Il riscaldamento globale influisce sugli strati superiori dell’oceano più che su quelli profondi. L’acqua più calda è più leggera e quindi l’oceano diventerà più stratificato in futuro, riducendo la miscelazione dei nutrienti dalla superficie inferiore allo strato illuminato dal sole, dove risiede il fitoplancton. Studi precedenti suggerivano che il previsto esaurimento dei nutrienti, in prossimità della superficie, avrebbe portato a una sostanziale riduzione della produzione di fitoplancton nell’oceano, con effetti diffusi e potenzialmente catastrofici sia sugli ecosistemi marini che sul clima. Ma, secondo il nuovo studio, questo potrebbe non accadere.

 

La resilienza del fitoplancton

La nuova analisi dei dati sul fitoplancton mostra che la produttività può essere sostenuta anche in condizioni di forte impoverimento dei nutrienti. “In queste condizioni, le singole cellule di fitoplancton possono sostituire il fosforo con lo zolfo. A livello di comunità, si potrebbe assistere a ulteriori spostamenti verso taxa (gruppo di organismi con caratteristiche comuni) che richiedono meno fosforo”, afferma David Karl, coautore dello studio, professore di Oceanografia all’Università delle Hawaii e cofondatore del programma Hawai’i Ocean Time-series Study, per spiegare il concetto di plasticità del fitoplancton. Un’ulteriore prova della plasticità è data dal fatto che nelle regioni subtropicali, dove le concentrazioni di nutrienti nelle acque superficiali sono basse, le alghe assorbono meno fosforo per quantità di carbonio immagazzinato nelle loro cellule, rispetto alla media globale.

 

Per studiare come questo “trucco” metabolico unico avrà un impatto sulla produttività globale degli oceani nei prossimi decenni, il team ha eseguito una serie di simulazioni di modelli climatici con il modello Community Earth System (versione 2, CESM2) sul supercomputer Aleph.
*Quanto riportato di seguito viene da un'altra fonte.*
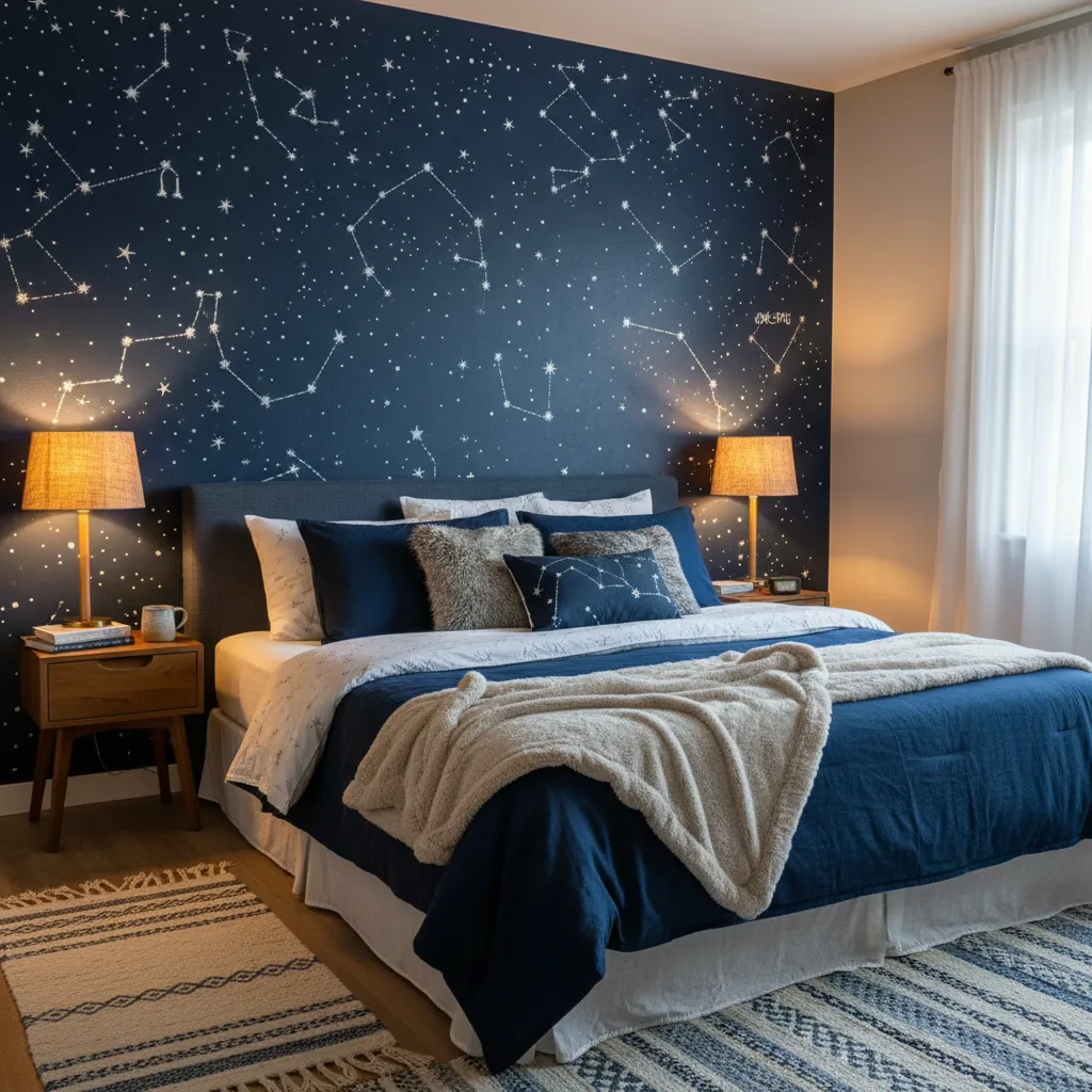 Paint a wall in a deep, moody navy or charcoal. Then, splatter white or gold paint to create stars, or hand-paint specific constellations that have meaning to you. It’s a magical backdrop for a bedroom.
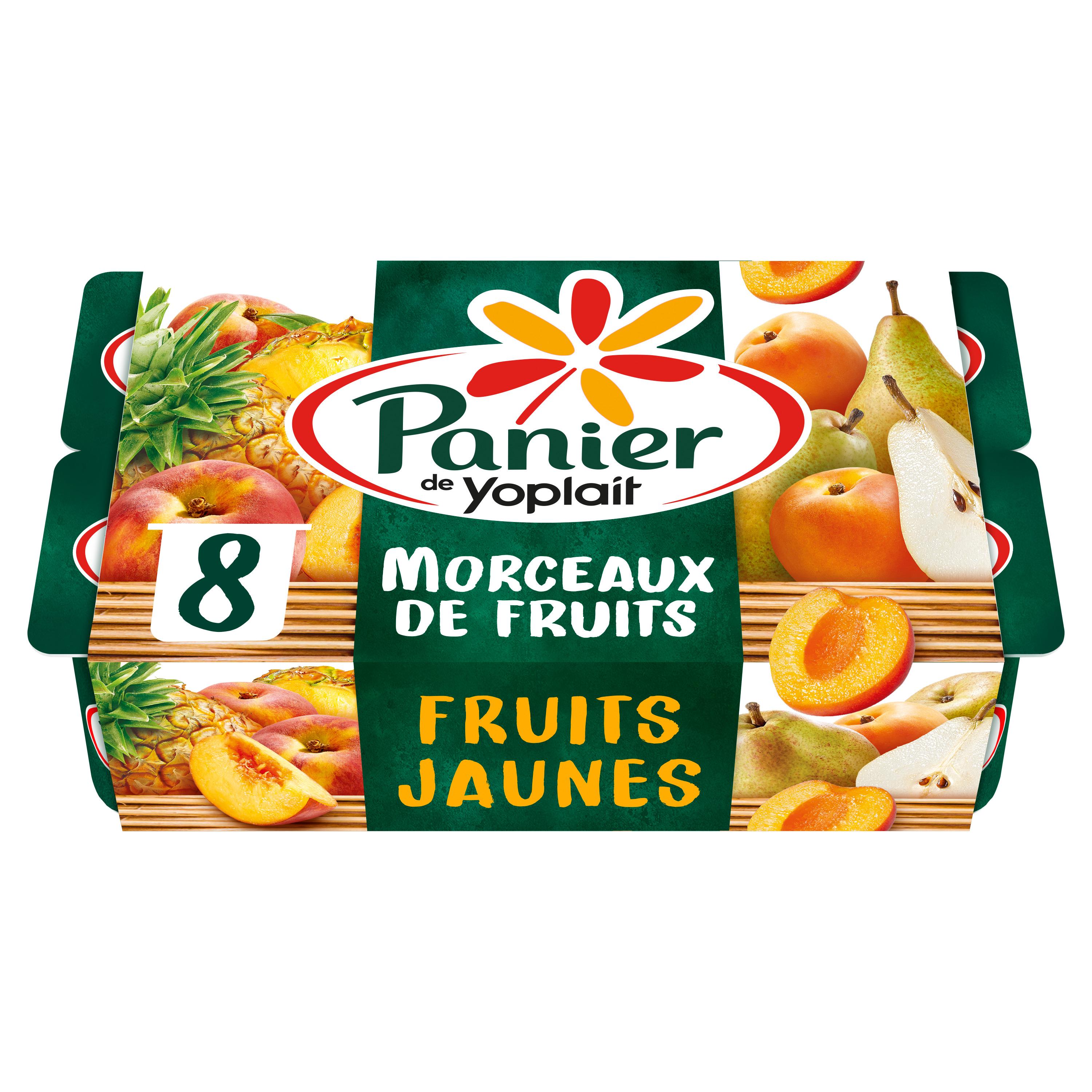 Découvrez les yaourts aux fruits Panier de Yoplait : 8 yaourts aux fruits jaunes (pêche, abricot, poire, ananas). Nous avons élaboré une nouvelle recette avec plus de fruits et zéro additifs pour vous offrir un yaourt avec de délicieux morceaux de fruits et du lait 100 % français. Panier de Yoplait, c'est l'alliance gourmande de bons fruits et d'un yaourt onctueux pour un maximum de plaisir à partager en famille. Retrouvez tout le savoir-faire de Yoplait et le bon goût du fruit avec la gamme Panier de Yoplait. Yoplait, goûtons la vie du bon côté ! *la coloration est apportée par des jus de légumes
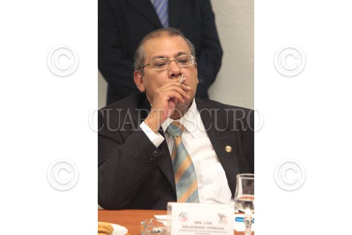 MÉXICO, D.F., 09SEPTIEMBRE2010.- Luis Maldonado, senador de Convergencia, fumado en una reunión en el Senado de la República, violando la disposición que prohíbe fumar en lugares cerrados y recintos declarados como libres del humo de cigarrillo como lo son las instalaciones senatoriales de Xicotencatl. FOTO: ESPECIAL/CUARTOSCURO.COM
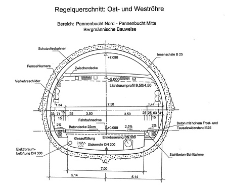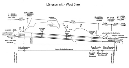 - Gesamtlänge: Weströhre: 2275 m, Oströhre: 2390 m
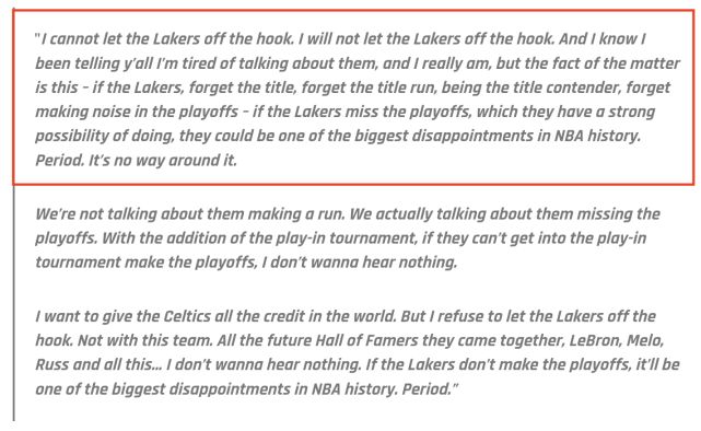 “如果湖人没能闯入季后赛,那将是联盟历史上最大的失望之一。”
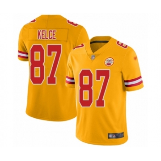 >Youth Kansas City Chiefs #87 Travis Kelce Limited Gold Inverted Legend Football Jersey
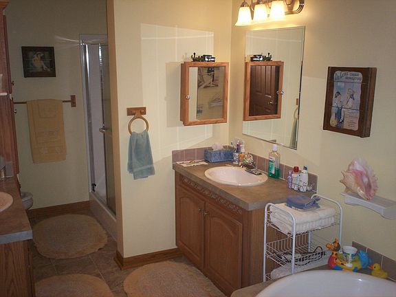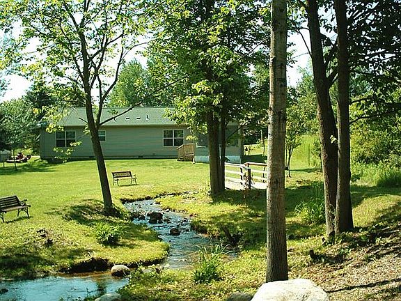 Has natural gas heat,central air, city sewer and trash, and well. Oversized two car garage with loft and power door opener. Master bath has double vanities, soaker tub, seperate shower, and lots of storage. Inside laundry room with laundry tub and built-in ironing board. Kitchen has bay window, garden window all appliances, and large island. Home has laminate flooring,wood blinds, and large screened porch overlooking a spring fed stream and further back is the Tobacco river. Call 989-588-7170 for a viewing.
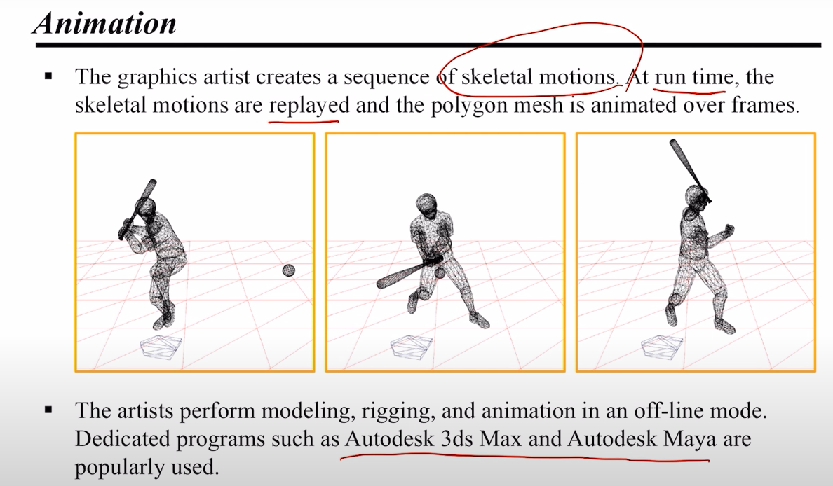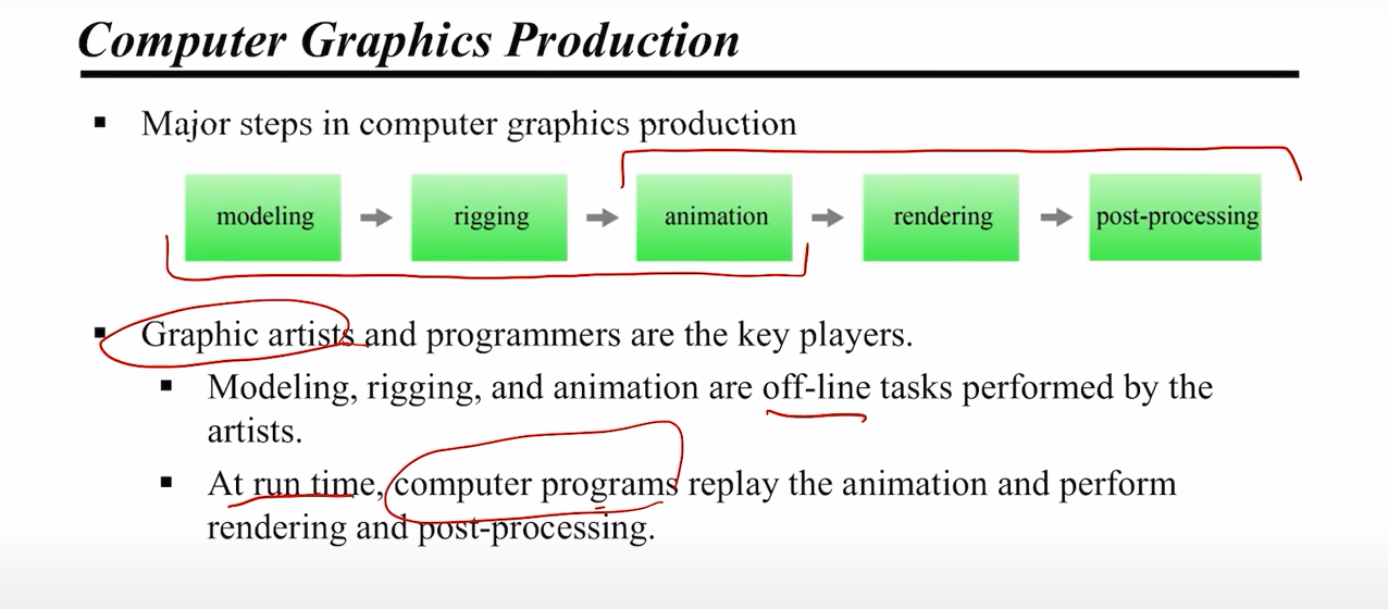 컴퓨터 그래픽스의 연산은 오프라인과 런타임으로 나뉘는데, modeling 과 rigging, animation 처리는 그래픽 아티스트들이 오프라인에서, rendering 과 post-processing 은 컴퓨터 프로그램이 런타임에 연산한다. 물론 animation 재생도 런타임에 동작한다.

Disattivando la plasticità del fitoplancton nel loro modello, gli autori sono stati in grado di riprodurre qualitativamente i risultati dei modelli precedenti, che prevedevano un calo della produttività sugli oceani di circa l’8%. Tuttavia, quando hanno attivato il parametro della plasticità nel modello, in modo da catturare le osservazioni vicino alle Hawaii negli ultimi 3 decenni, la simulazione al computer rivela un aumento della produttività globale fino al 5%, fino alla fine di questo secolo. “A livello regionale, tuttavia, queste future differenze di produttività possono essere molto più elevate, arrivando fino al 200% nelle regioni subtropicali”, spiega il dottor Eun Young Kwon, primo autore dello studio e ricercatore presso l’IBS Center for Climate Physics della Pusan National University, in Corea del Sud. Grazie a questo aumento di produttività, l’oceano può anche assorbire più anidride carbonica dall’atmosfera e infine sequestrarla sotto la superficie oceanica.

 

Ispirati dai risultati delle simulazioni dei loro modelli di sensibilità, gli autori hanno poi esaminato altri 10 modelli climatici, i cui dati sono stati utilizzati nel recente 6° Rapporto di Valutazione dell’IPCC. I risultati hanno confermato le conclusioni iniziali degli autori. “Anche se il nostro studio dimostra la resilienza del fitoplancton, questo non implica che sia immune ai cambiamenti climatici indotti dall’uomo. Per esempio, un peggioramento dell’acidificazione degli oceani ridurrà i tassi di calcificazione di alcuni tipi di fitoplancton, il che può portare a cambiamenti su larga scala negli ecosistemi”, avverte il dottor Eun Young Kwon. Questi fattori non sono ancora ben compresi né rappresentati nei modelli climatici. “I futuri modelli del sistema terrestre devono utilizzare rappresentazioni migliori, basate sulle osservazioni, di come il fitoplancton risponde a molteplici fattori di stress, tra cui il riscaldamento e l’acidificazione degli oceani. Questo è necessario per prevedere il futuro della vita marina sul nostro pianeta”, afferma il Prof. Axel Timmermann, coautore di questo studio e direttore del Centro IBS per la Fisica del Clima.